Interesting, I think of it as absolute. For instance, the fact that I don't have to worry about food, shelter, clothing etc. and also have a multitude of luxuries at my disposal makes me consider myself rich. I don't look at the guy making more than me and feel poor.
Therefore, since the gap between rich and poor is increasing, one can reasonably conclude (without any data) that you are distorting factual reality for the sake of ideology.
OK, so then can we distinguish between inequality and wealth?
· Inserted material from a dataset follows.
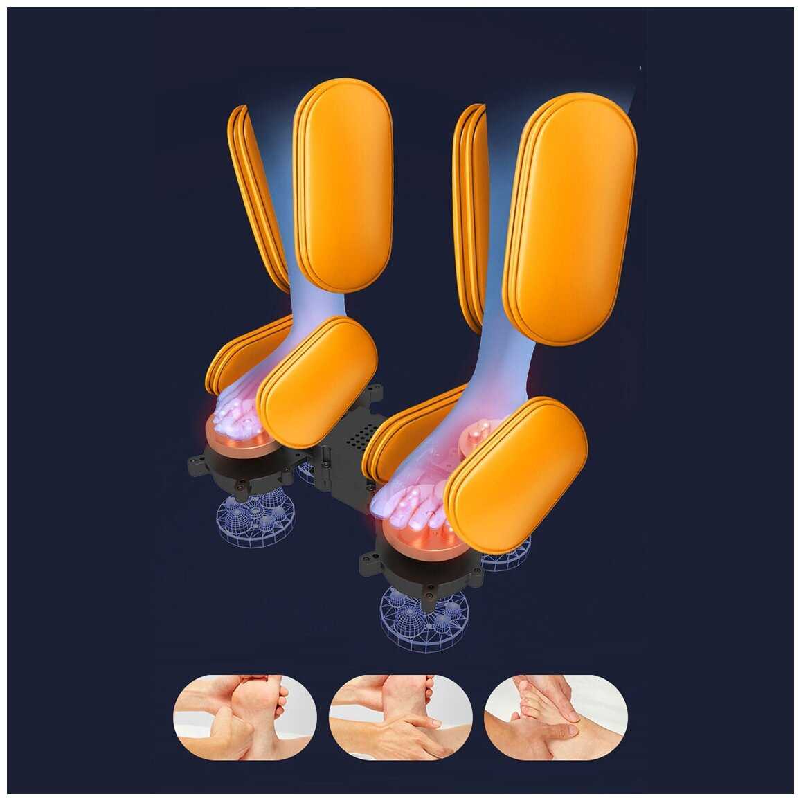 В выдвижной подножке встроены вращающиеся ролики для акупунктурного воздействия на стопы и валики для икр. При переходе в горизонтальное положение подножка автоматически выдвигается на 15 см. Пользователи особо хвалят комбинацию с подогревом — это снимает усталость после физических нагрузок. -

you illustrate how wages and personal wealth has increased on average, but you steer well clear of explaining the effect inflation has had on the price of goods and services over time
You probably don't remember this but I'm against central banking and fiat currency which are the drivers of inflation. Note also that such increases are in terms of purchasing power, which means inflation is accounted for (1).
you illustrate how wages and personal wealth has increased on average, but you steer well clear of explaining the effect inflation has had on the price of goods and services over time, and indeed of explaining how averages even work in the first place! If there are ten of us and one of us earns a million bucks a year while the other 9 earn nothing, the average wage between us is 100,000 per year.
Well actually, my source demonstrated that there were less people in extreme poverty, since I imagined that demographic would be more of interest to you for the reason you are giving here.